In case you don’t remember—because how can you keep track of so many different people, places, and things?—Audrey Wojczek is my friend who works in the Guidance Counseling Office during 1st hour. The one with the long red hair down to her “childbearing hips,” as she likes to call them.

I’m over her house on Woodward Heights. Which is technically 91/2 Mile. But nobody ever calls it that. Not to be confused with Woodward Avenue, aka M-1…

“Happy Fucking New Year!” Audrey shouts for the whole wide world to hear—or at least all of Hazeltucky.

We’ve abandoned Times Square on TV in favor of a Paterno Family tradition…Banging pots and pans outside on the front porch. As kids, I never understood why we did this or where the tradition had come from. But every December 31st since I can remember, this is what my sister and brother and I always did, don’t ask me why!

“You look like Cousin Itt,” I tell Audrey. Minus the bowler hat and glasses, of course.

She’s got her long red hair draped over the front of her shoulders covering her bare arms down to her waist. Though it’s obviously not keeping her warm by the way her teeth chatter like crazy. “Bite me!” Audrey snaps. Then she says, “Fuck this shit…I’m getting the Hell back inside.” For a girl with a Catholic School upbringing, Audrey Wojczek’s got quite the mouth on her.

The distinct smell of what can only be described as “Audrey’s House” hits me the minute I follow her through the door. A cross between mothballs and kitty litter, maybe? Not that I’m saying it’s a bad smell or anything, ’cause it’s not.

“Now what do we do?” she asks, still shivering.

I look at my watch…12:08 AM. “It’s kinda late, isn’t it?” I say.

To which Audrey gives me her “Don’t Even” look. Which consists of turning her head slightly to one side, furrowing her brow, and pursing her lips. I can’t exactly describe how she looks when she does it. But trust me, she looks mean.

“Boo hoo,” she fake cries. “You gonna turn into a pumpkin, Paterno?” Which is what she calls me after she’s given me her “Don’t Even” look. “It’s not like it’s a School Night.”

I give my folks a quick call, to ask if I can stay out a little longer. Normally, I have to be home by Midnight. But since it’s a holiday and we’re on Christmas Break and all, I figure they’re not gonna care.

“Let me talk to Mom,” I tell my little brother when he picks up the phone.

“She’s in bed,” he informs me. “So is Dad.”

Did my parents not get the memo that it’s New Year’s Eve or what? Ever since my Mom realized she’s turning the Big 3-0 this year, I swear she’s started acting like an Old Lady. Unless they’re having S-E-X. Which they can’t be…It’s a Monday night!

“Where are you?” Billy asks me.

“Over Audrey’s,” I answer, as if it’s any of his business.

Then my smart-aleck little brother says, “Is Audrey your girlfriend?”

To which I reply, “Go to bed.” Then I hang up the phone.

I return to find Audrey sitting on her couch, buried beneath a patchwork quilt that her little Polish Grandma must’ve made a bijillion years ago. “I’ll share my blanket with you,” she offers.

To which I decline, choosing to sit in the comfy armchair next to the fireplace—way over in the corner of the room. There’s definitely something weird going on with Audrey. Not weird-weird, but…With her Mom out for the evening, it’s the first time we’ve been alone together in her house. Or anywhere, now that I think of it.
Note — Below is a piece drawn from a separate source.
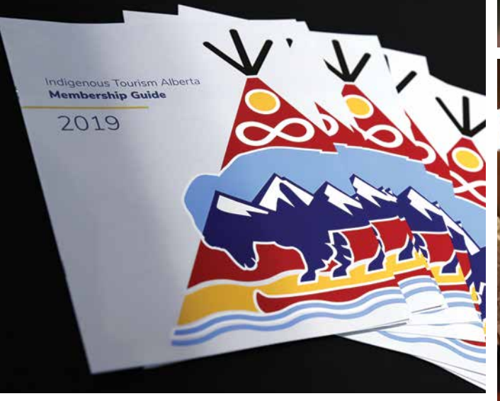
To learn more about other Indigenous Tourism experiences in Alberta, please visit: indigenoustourismalberta.ca

On a small end table, I notice the framed photo of a rather good looking guy wearing a maroon and gray Hazel Park Vikings football uniform—#63. Down on one knee, he holds the ball under his arm, a look of stern seriousness on his square-jawed face.

“How’s your brother?” I ask. Though I’ve never personally met Mike Wojczek, there’s something about this picture that makes me want to.

“He just got an apartment with a friend of his,” Audrey tells me. “Some guy named Rob.”

Apparently, Mike graduated from Hillbilly High back in like 1980. According to Audrey, he works at some bar down in Detroit. He kinda reminds me of that guy from All the Right Moves, Tom Cruise. Except his mess of hair is red—not brown.

“Where’s the apartment?” I ask.

“Royal Oak.” Which is another suburb where my Grandpa and Grandma Paterno live. Over by Woodward Avenue and 10 Mile.

“How come your brother never comes over to visit?”

“He was just here Christmas Day,” Audrey replies. “Jeez! You writing a book?

“No…” I was just making conversation.

“Wanna build a fire?” she suggests now. “We can watch a movie or something.”

Not that I really want to. But still I reply, “What’s on Cable?”

Audrey flings me the TV Book. Which is the Detroit Free Press version of TV Guide. I can’t even believe it’s already 1985. Even though it’s printed in black-and-white right before my very own blue eyes.

That’s when I see it…12:30 AM…Channel 50.

It’s love at first sight for Jessie Walters when she spots heartthrob Michael Skye singing with his band at the local shopping mall.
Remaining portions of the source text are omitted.